Closed GoogleCodeExporter closed 9 years ago
Original comment by sjdir...@gmail.com
on 18 Jul 2013 at 4:27
Do you have a test site for this?
Original comment by ilushk...@gmail.com
on 19 Jul 2013 at 2:29
I do not, i asked the person that reported this issue for some test urls
and i heard nothing back. I was going to just try it on any zip file i find
on the net and see if it is a universal problem or just with his specific
files. I suspect that we may need to add a CrawledPage.RawBytes property
that is filled by the IPageRequester the same way the
CrawledPage.RawContent is filled. That is only if we determine that
CrawlPage.RawContent doesn't play well with streams for whatever reason.

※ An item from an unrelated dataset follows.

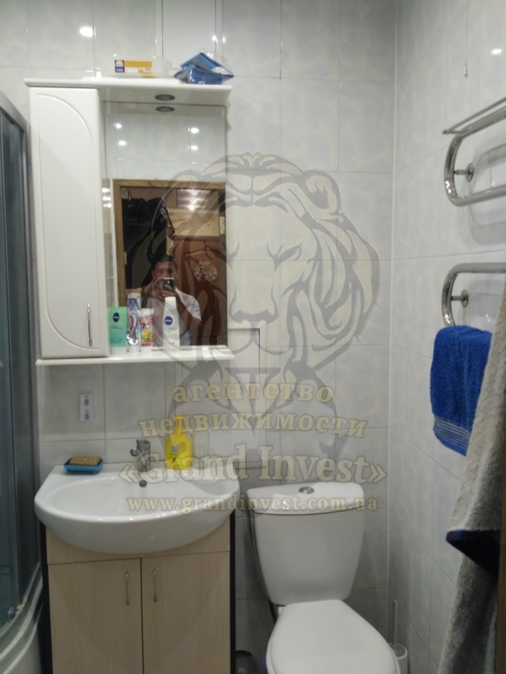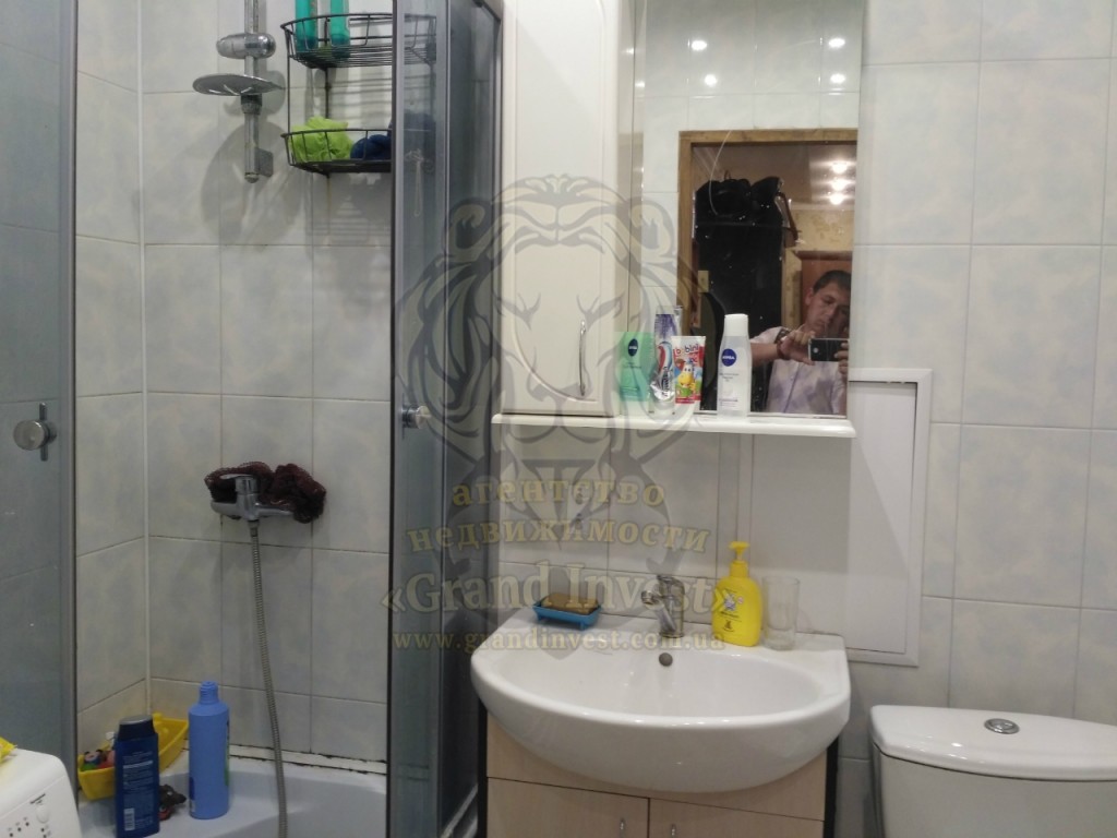 Санузел совмещён, в кафеле. Установлена душевая кабинка.

Original comment by sjdir...@gmail.com
on 19 Jul 2013 at 7:13
Original comment by sjdir...@gmail.com
on 3 Sep 2013 at 1:50
Original comment by sjdir...@gmail.com
on 3 Sep 2013 at 2:52
Added auto encoding and CrawledPage.Content.Bytes which should allow data to be
writtent to file stream without corruption.
Original comment by sjdir...@gmail.com
on 17 Sep 2013 at 2:43
Using v1.2.3.
Like the previous poster, I am attempting to use Abot to pull a series of PDF
files and write them to disk.
When I run fiddler, it shows that the response for the Abot crawl and the
response for downloading the file in the browser have the same content length.
The same number also appears when I check
CrawledPage.HttpResponse.ContentLength.
However, when I test CrawledPage.Content.Bytes for its length, I get a number
about 80% higher (230,818 vs 410,906 for my test item -
http://www.sbcounty.gov/parcelmaps/0130I1.pdf).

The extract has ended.